Kali ini ia mengepalkan tangan kirinya mantap dan berkata, “Dan sudah menjadi tanggungjawab kita bung sebagai generasi muda untuk mencari solusinya”.
“Kita sebagai anak-anak bangsa yang terdidik tak boleh hanya menyalahkan pemerintah kita saja tho. Sebab bangsa ini bukan milik pemerintah saja, tapi milik kita bersama anak-anak bangsa Indonesia” Ia menutup kalimat itu dengan senyum mengembang di wajahnya, dan aku pun tersenyum jua.

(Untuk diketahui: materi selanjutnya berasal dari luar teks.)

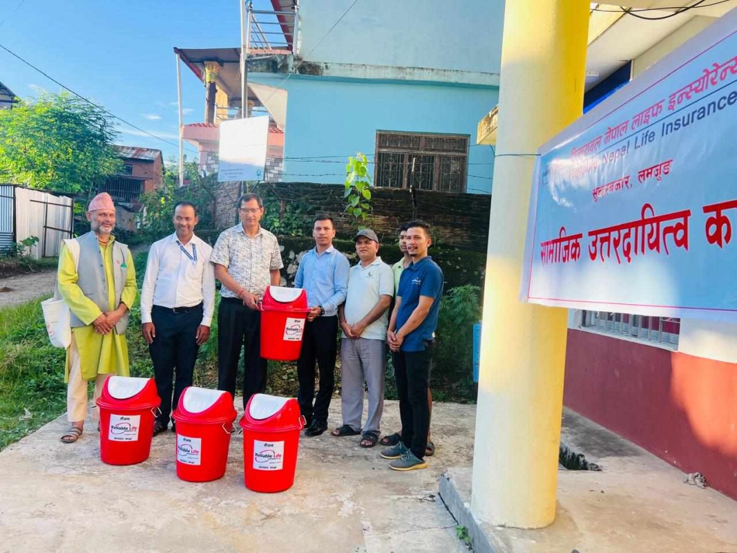 साताैं बार्षिकाेत्सवमा रिलायबल इन्स्युरेन्सद्वारा सुन्दरबजारमा डस्टविन वितरण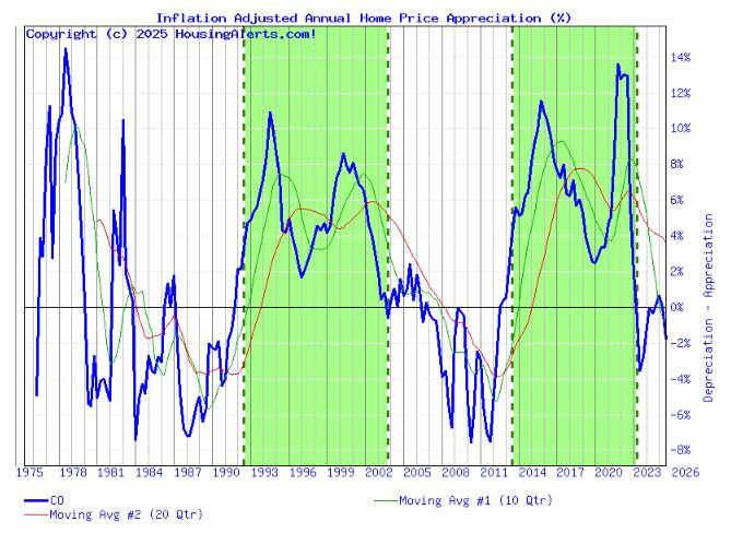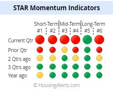 The indicators for the current quarter (top row) suggest that the short-term through long-term indicate a weak seller’s market for Colorado. A year ago, all the momentum indicators except for Short-Term #1 were green. (These graphs are from HousingAlerts.com. This is just a quick snapshot of what HousingAlerts.com has to offer. Go to my home page to get a free version for your state.)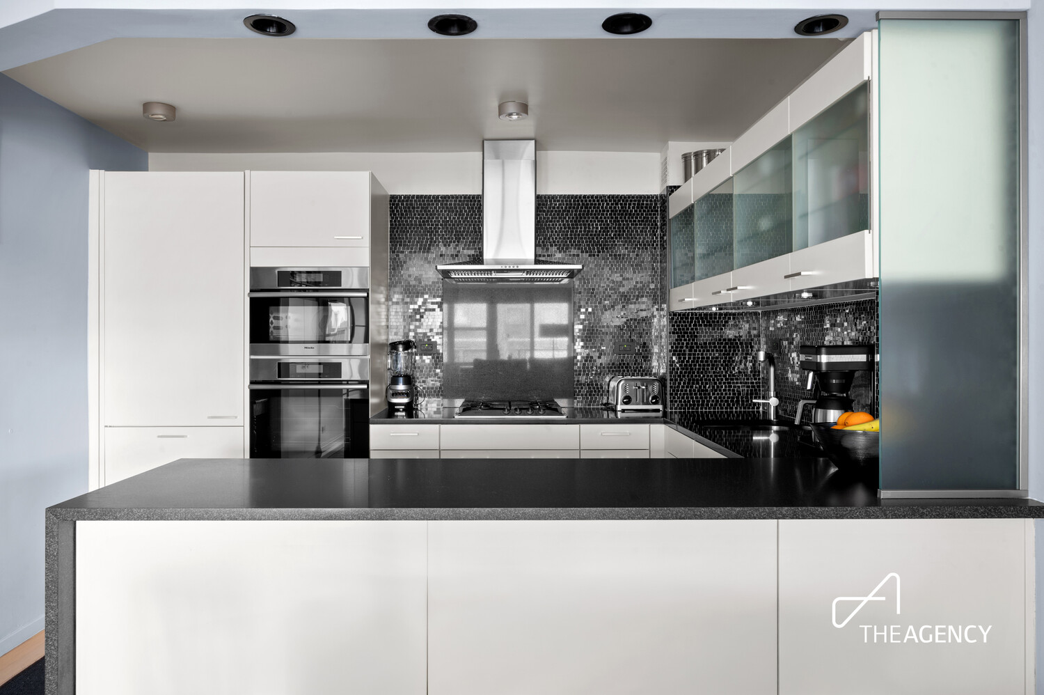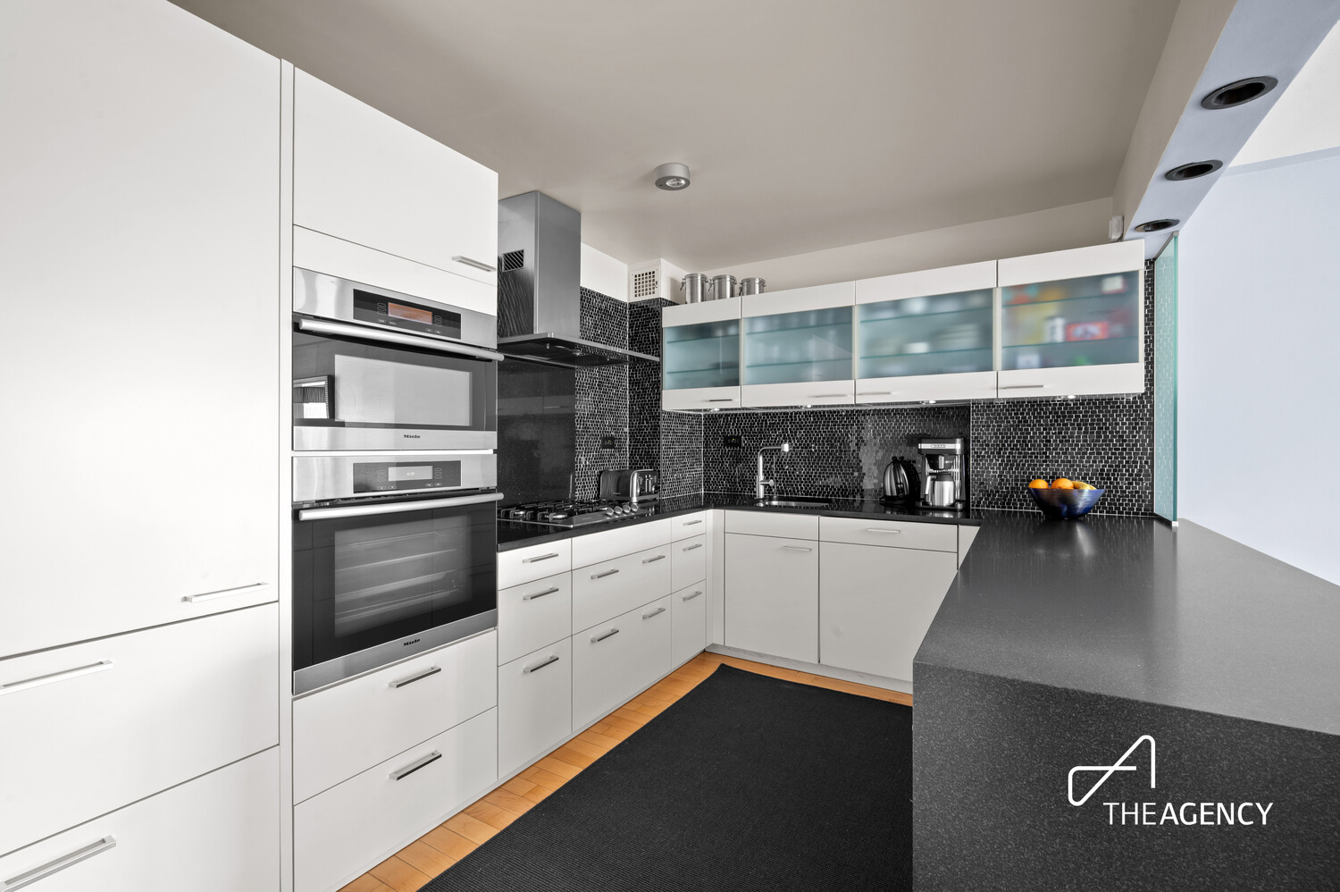 The sunlit, east-facing living and dining area flows seamlessly into a beautifully renovated open kitchen with Poggenpohl cabinetry. High-end appliances include a wall-mounted Miele convection oven and separate microwave, a paneled Sub-Zero refrigerator, and a full-sized paneled Asko dishwasher. Recessed and in-cabinet lighting, Caesarstone countertops, and a striking black granite waterfall breakfast bar complete the space-ideal for both everyday living and entertaining.

Tanpa terasa waktu berjalan begitu cepat, tanpa sadar kami sudah cukup lama berdiri di tempat itu, membicarakan arti dari sebuah kemerdekaan. Bahwa arti merdeka itu adalah saat kita mau bersama-sama melepaskan ego kita, untuk berpikir dan berkarya serta bekerja untuk Indonesia yang lebih baik.
Matahari tepat menyingsing dari timur, terbit menerangkan dan menghangatkan bumi tempat kami berpijak. Dan perlahan angin pagi datang menyapu wajah kami yang sumringah, menatap bendera kami yang kembali berkibar.
***
http://image-serve.hipwee.com

Aku merampungkan cerita ini di kamarku tepat pukul 1:25 di malam selanjutnya. Yang kuberi judul: SYAIR MERDEKA.
Quotes: “Negara Republik Indonesia ini bukan milik sesuatu golongan, bukan milik sesuatu agama, bukan milik sesuatu suku, bukan milik sesuatu golongan adat-istiadat, tetapi milik kita semua dari Sabang sampai Merauke!” –Presiden Pertama RI, Ir. Soekarno.